START DATA

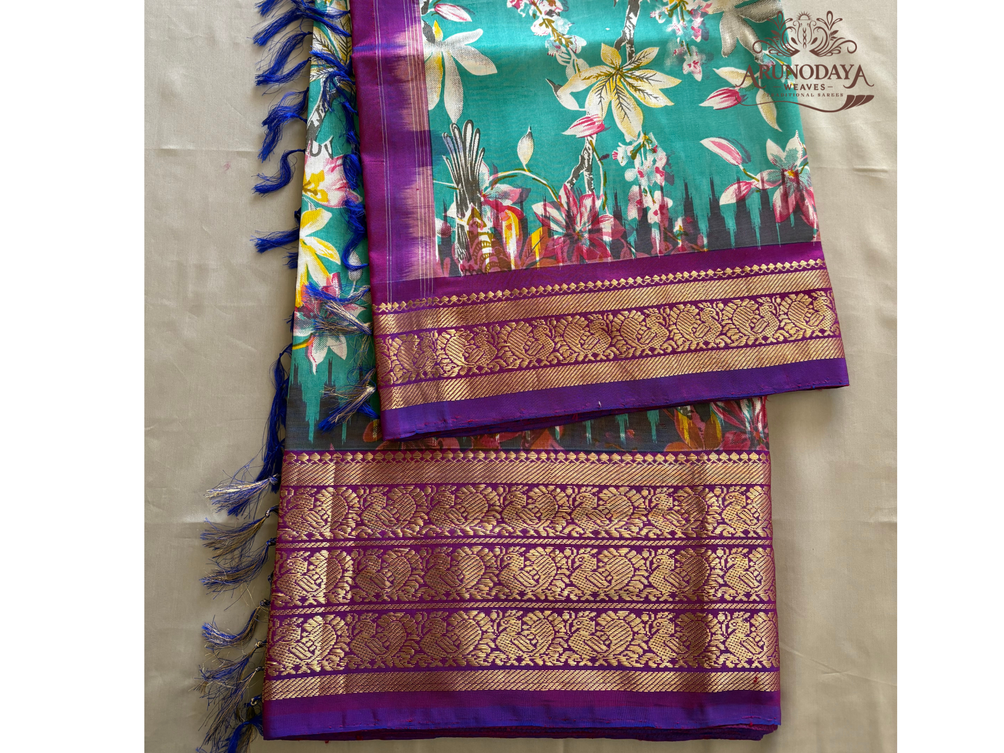 Pure Handloom floral print Kanchipuram boader Silk Saree
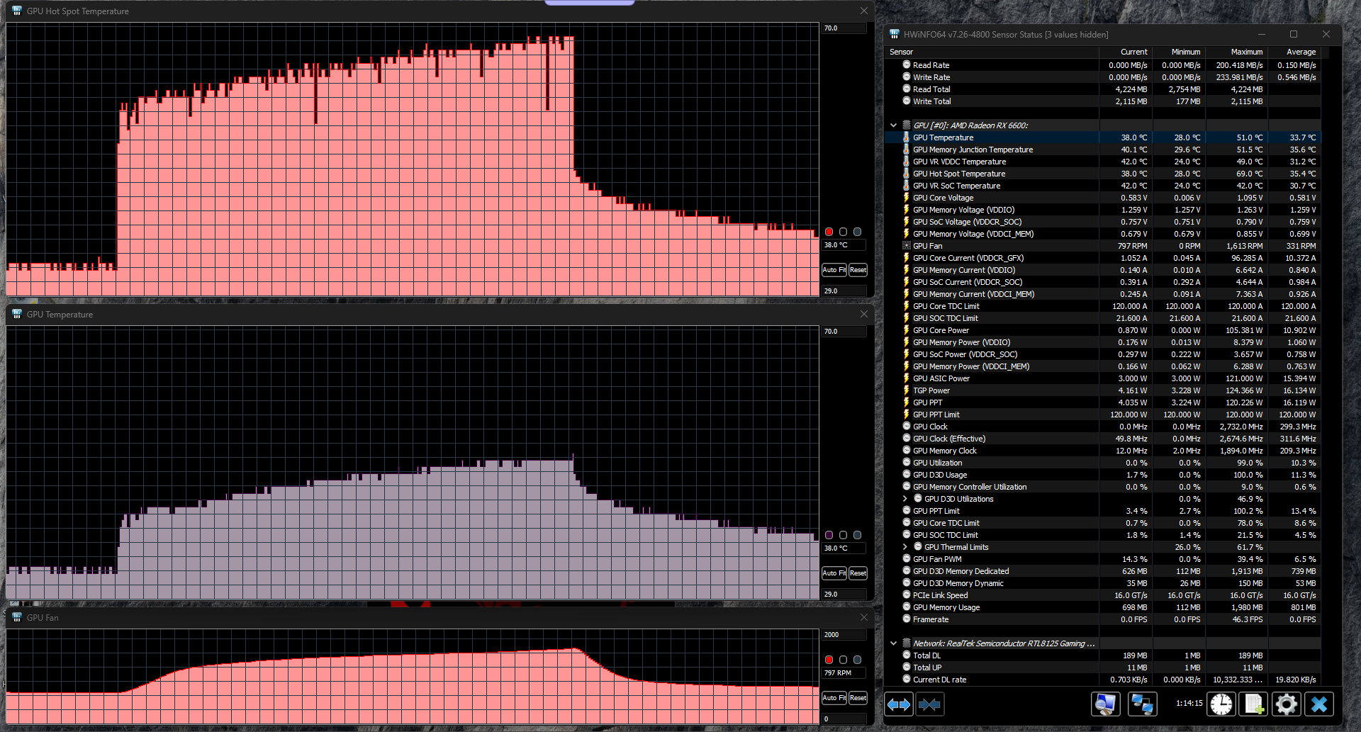 Я на хотспоте пока максимум что видел, это 77 и они набираются плавно от 50-55, выше я график прикреплял. Да и держать карту постоянно нагретой, не лучший вариант как по мне. Лучше уж тогда лимит мощности снижать в пару с андервольтом, чтобы снизить хотспот.
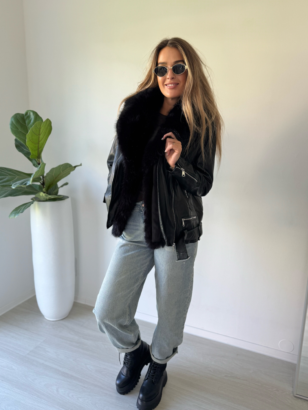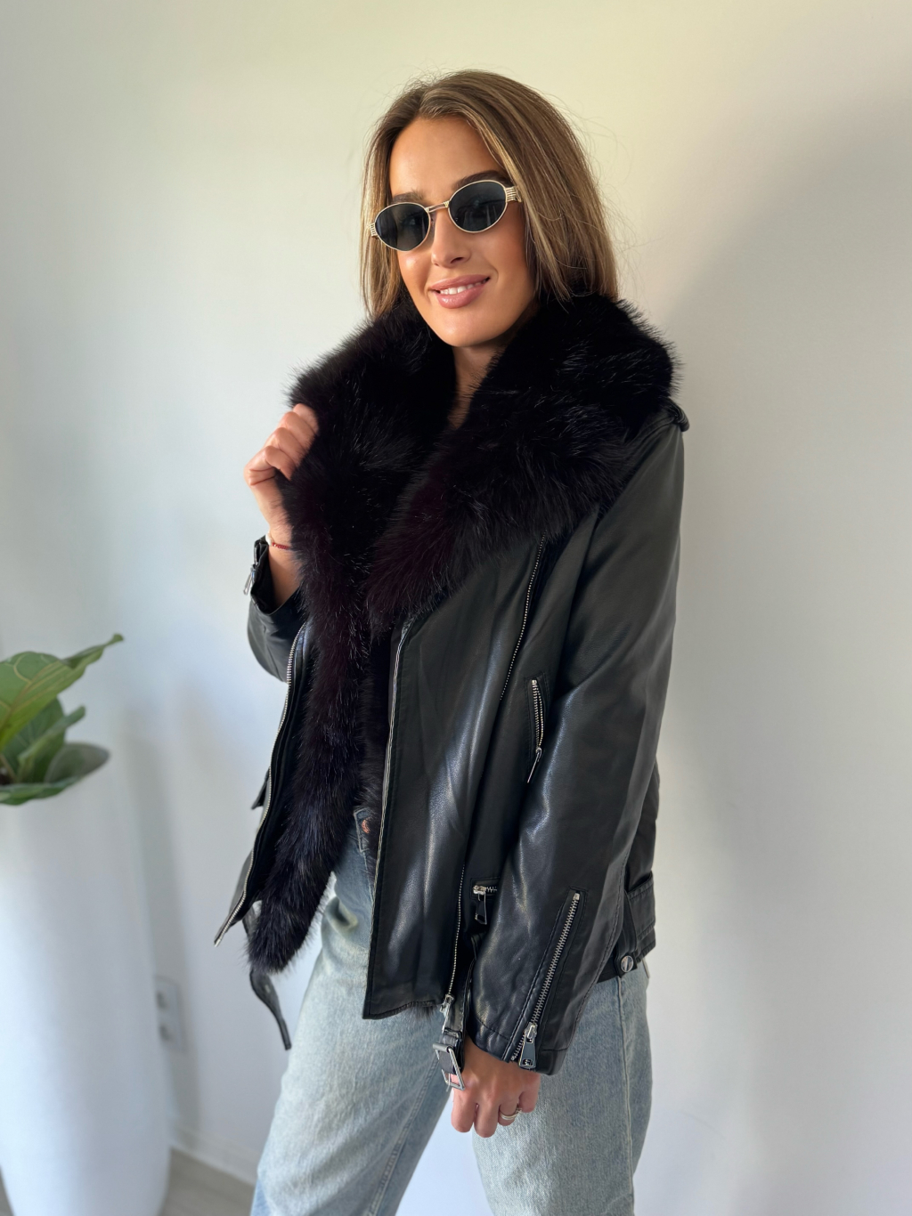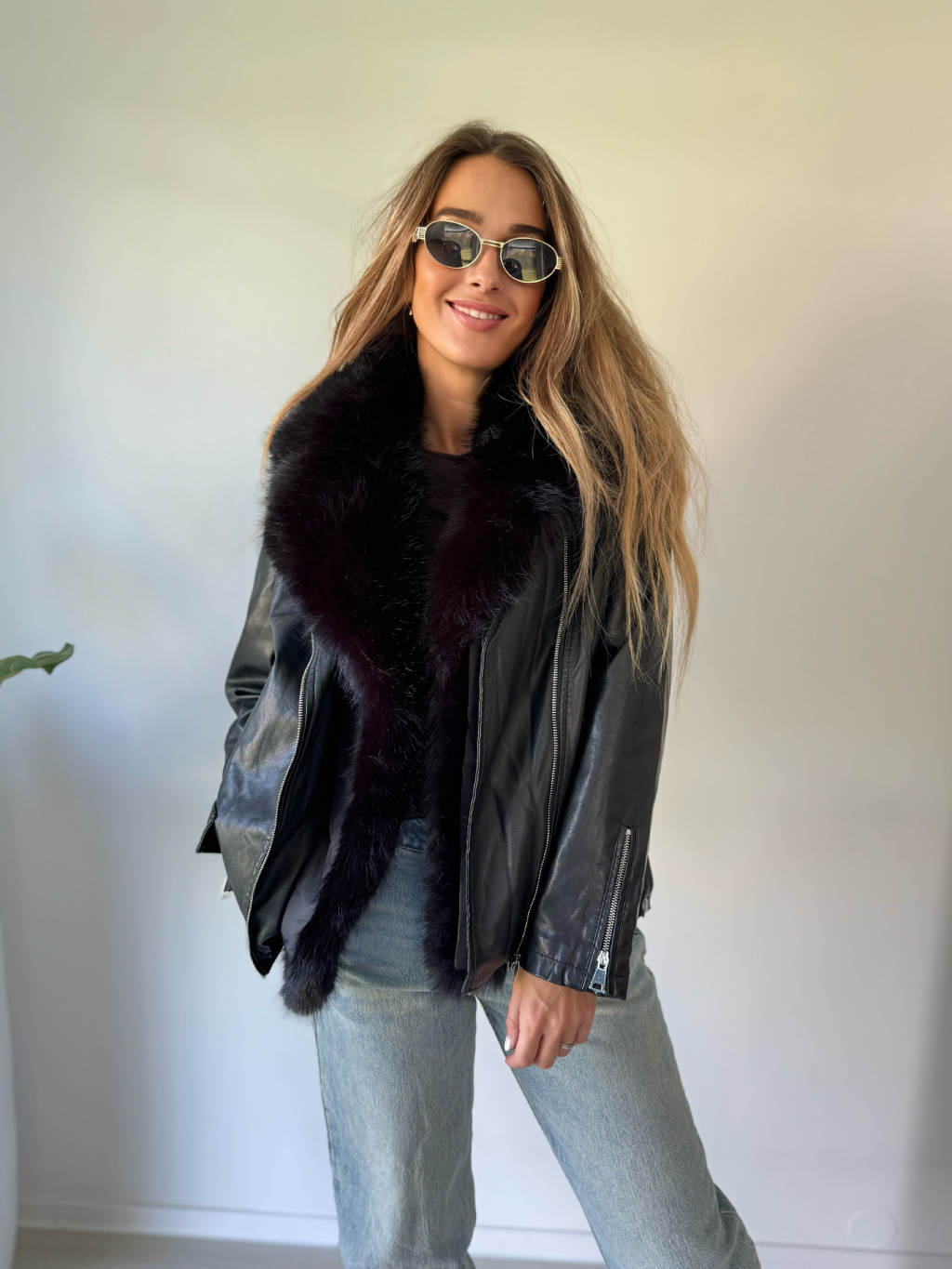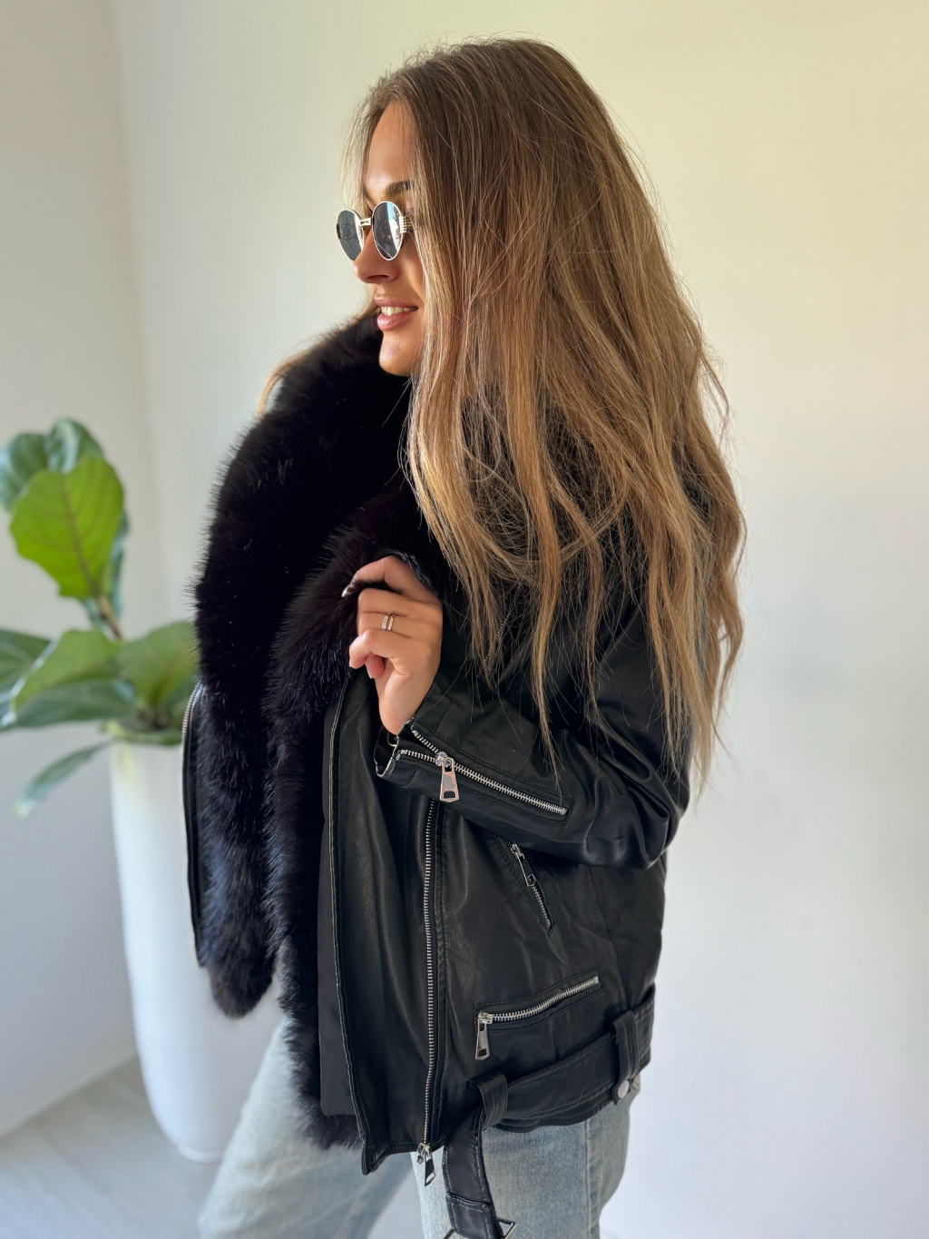 Kožešinu kolem krku lze odepnout. Bunda je uvnitř zateplená.

END DATA

### TASK TO CARRY OUT
Leaving the pictures out, print every line of the listing exactly.

### RESPONSE TO THE EXERCISE
 Pure Handloom floral print Kanchipuram boader Silk Saree
 Я на хотспоте пока максимум что видел, это 77 и они набираются плавно от 50-55, выше я график прикреплял. Да и держать карту постоянно нагретой, не лучший вариант как по мне. Лучше уж тогда лимит мощности снижать в пару с андервольтом, чтобы снизить хотспот.
 Kožešinu kolem krku lze odepnout. Bunda je uvnitř zateplená.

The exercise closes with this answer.